(Dataset records)
|---|
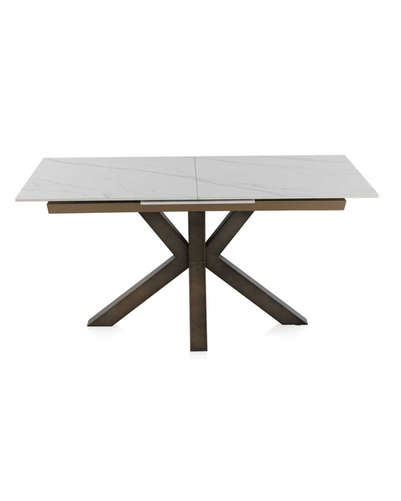 MESA BLANCA CERAMICA EXTENSIBLE 160/210X90 CM PIE METAL COLOR CO
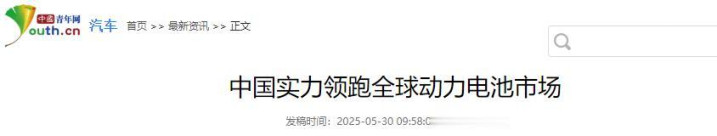 2.中国青年网:《中国实力领跑全球动力电池市场》2025-05-30
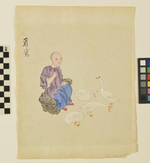 DescriptionSide A depicts a man holding a trident like tool. Side B depicts a man seated on a rock feeding geese?Status
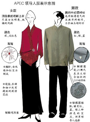 按照慣例,APEC領(lǐng)導(dǎo)人會(huì)穿什么樣的服飾亮相向來被視為“高度機(jī)密”。但這次籌委會(huì)一反傳統(tǒng),預(yù)先展示為與會(huì)的21國(guó)領(lǐng)導(dǎo)人設(shè)計(jì)的服飾,讓海內(nèi)外媒體先睹為快。
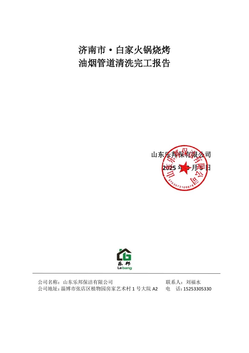 濟(jì)南市·白家火鍋燒烤清洗報(bào)告25.3.5
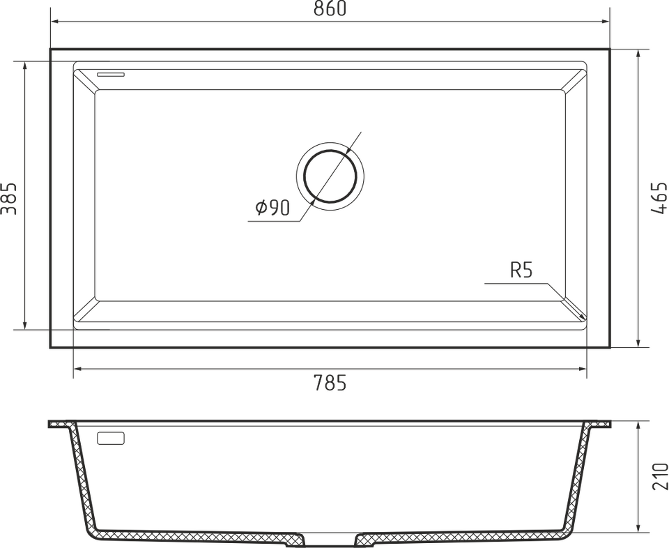 Rivelato STRIA 8679 1-чаш 860*460 Calcestruzzo
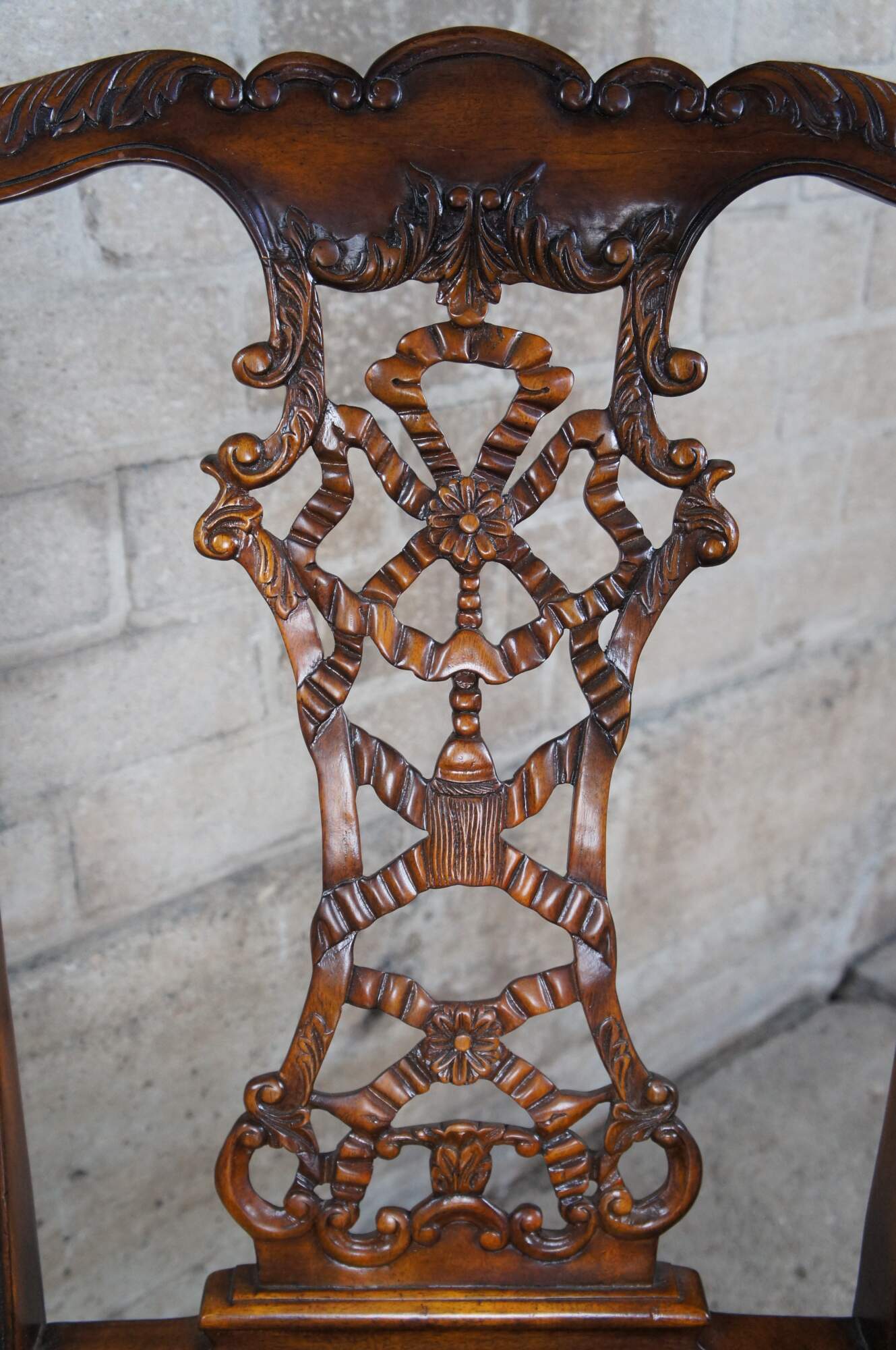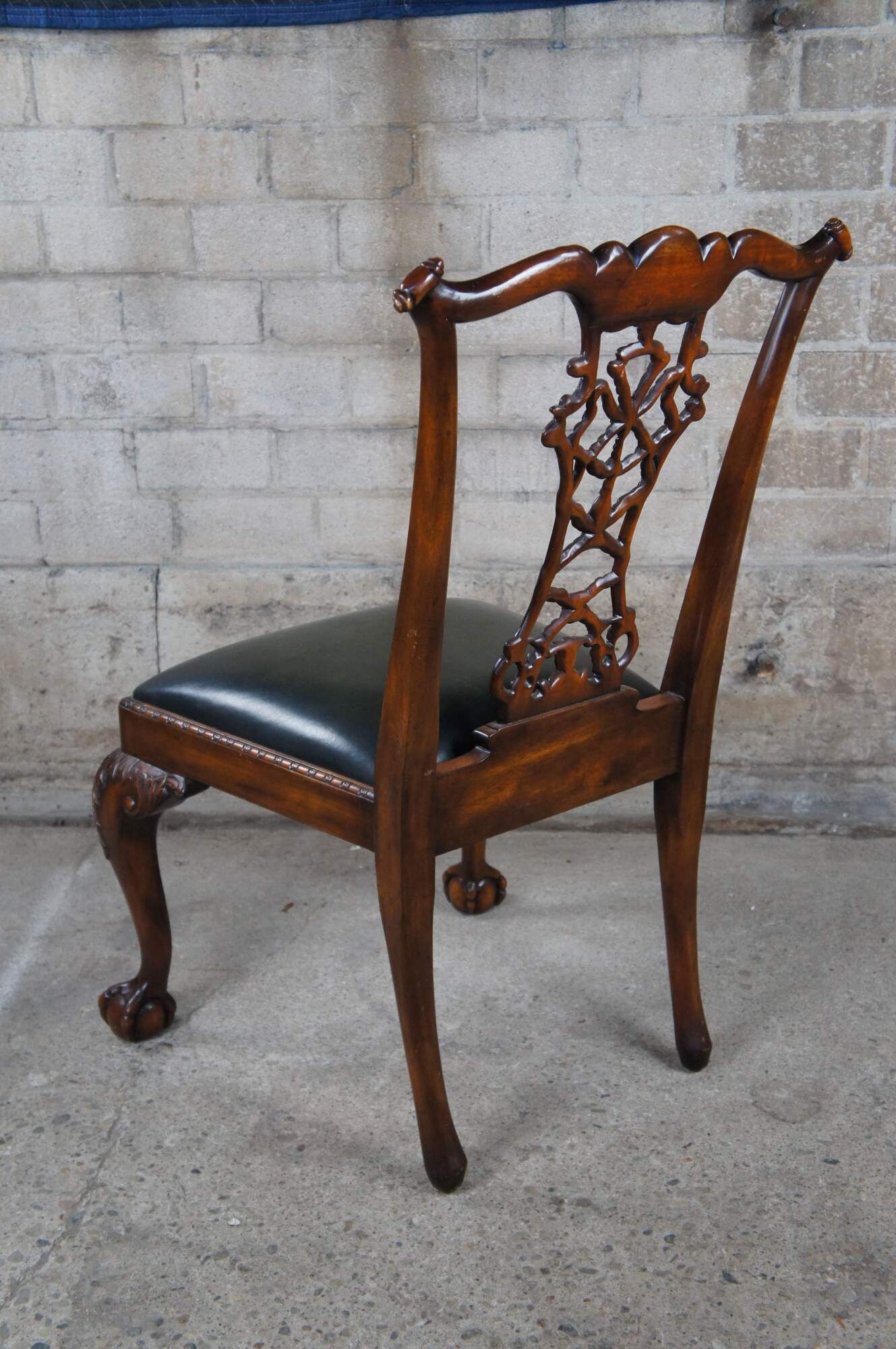Pair of Theodore Alexander Chippendale Dining Side Chairs. Features a serpentine crest rail with cared ears over an ornate pierced and ribboned back splat. Each chair has a green leather seat surrounded by beaded accents over cabriole legs with canthus carved knees leading to ball and claw feet.
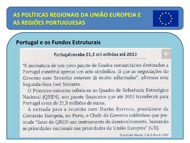 26. 27. AS POLÍTICAS REGIONAIS DA UNIÃO EUROPEIA E AS REGIÕES PORTUGUESAS
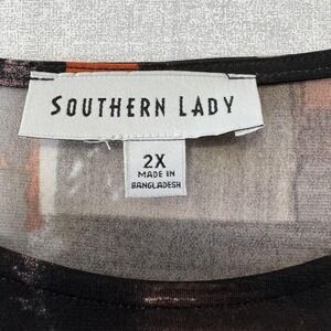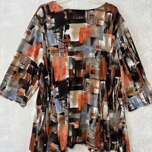 Southern Lady Blouse Womens 2X Multicolor Abstract 3/4 Sleeve Tunic Top
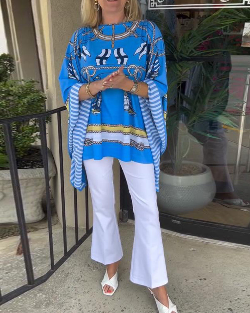 Blouse À Manches Longues Avec Imprimé Chauve-Souris Irrégulier
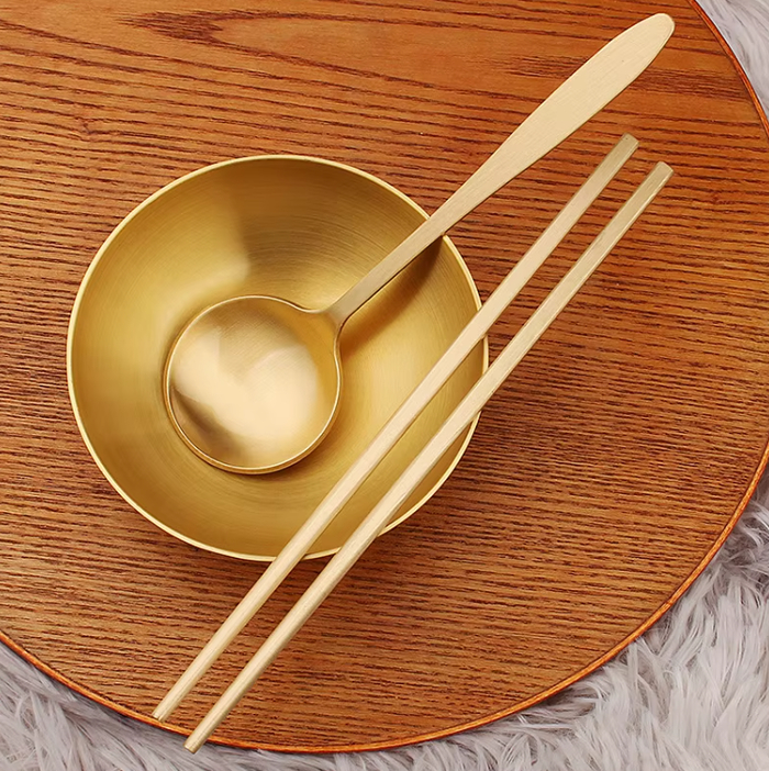 Элегантный комплект из латунной чаши, палочек и ложек в китайском стиле украсит любой стол. Поверхность отполирована до гладкости, а металл придаёт ощущение массивности и качества. Подходит как для сервировки блюд, так и для декоративного использования. Идея для подарка с восточным акцентом.
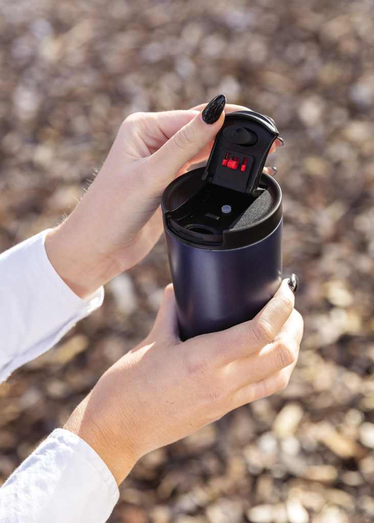 This double wall vacuum leakproof lock mug is the perfect size for your beverage. It’s leak proof sealing flip lid is designed for easy open/close and on-the-go use. Vacuum insulation keeps beverages hot for up to 5 hours and cold for up to 15 hours. Capacity 300ml. BPA free.
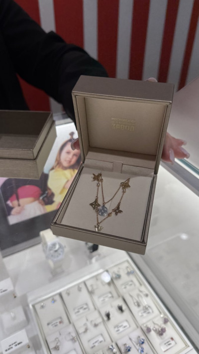 В редких случаях характеристики украшения или упаковка могут иметь отличия от представленных на фото или в описании.Шейное укр., вставка: фианитом бесцветным;
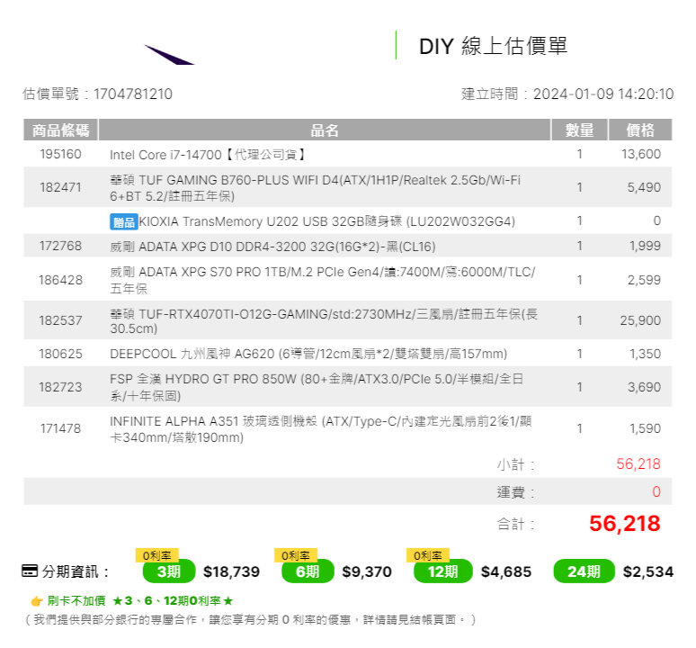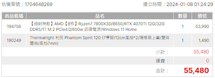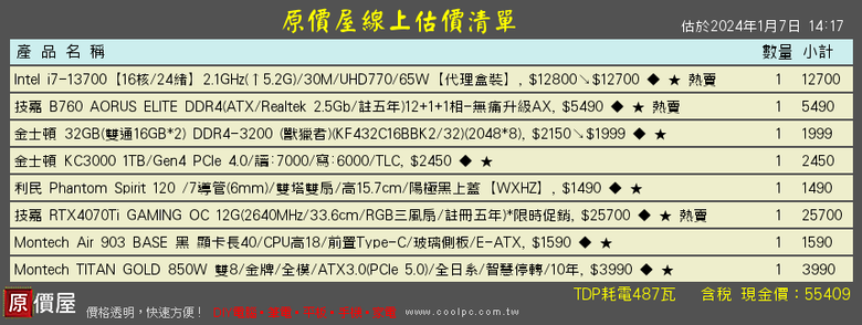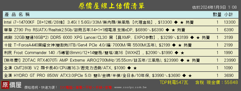cookiescookieeee wrote:預算是55k(小爆)...(恕刪) 除非你非常需要內顯不然板子都拿 z790 了, cpu 差沒多少上 k series56k 不含 os, i7-14700kf, 32g, 4070ti板卡一樣都選五年保的, cpu 上 14700kf, ram 上 DDR5-6000 CL30散熱上 fc140, 機殼看個人喜好, 電源拿 10 年保金牌 850w55k 小爆不含 os, i7-14700kf, 32g, 4070ti
|---|
__What the task asks__: Starting with the line above that holds "2.中国青年网:《中国实力领跑全球动力电池市场》2025-05-30", restate each line word for word up to and including the line that holds "Pair of Theodore". Drop the pictures.

__Task response__:
 2.中国青年网:《中国实力领跑全球动力电池市场》2025-05-30
 DescriptionSide A depicts a man holding a trident like tool. Side B depicts a man seated on a rock feeding geese?Status
 按照慣例,APEC領(lǐng)導(dǎo)人會(huì)穿什么樣的服飾亮相向來被視為“高度機(jī)密”。但這次籌委會(huì)一反傳統(tǒng),預(yù)先展示為與會(huì)的21國(guó)領(lǐng)導(dǎo)人設(shè)計(jì)的服飾,讓海內(nèi)外媒體先睹為快。
 濟(jì)南市·白家火鍋燒烤清洗報(bào)告25.3.5
 Rivelato STRIA 8679 1-чаш 860*460 Calcestruzzo
Pair of Theodore Alexander Chippendale Dining Side Chairs. Features a serpentine crest rail with cared ears over an ornate pierced and ribboned back splat. Each chair has a green leather seat surrounded by beaded accents over cabriole legs with canthus carved knees leading to ball and claw feet.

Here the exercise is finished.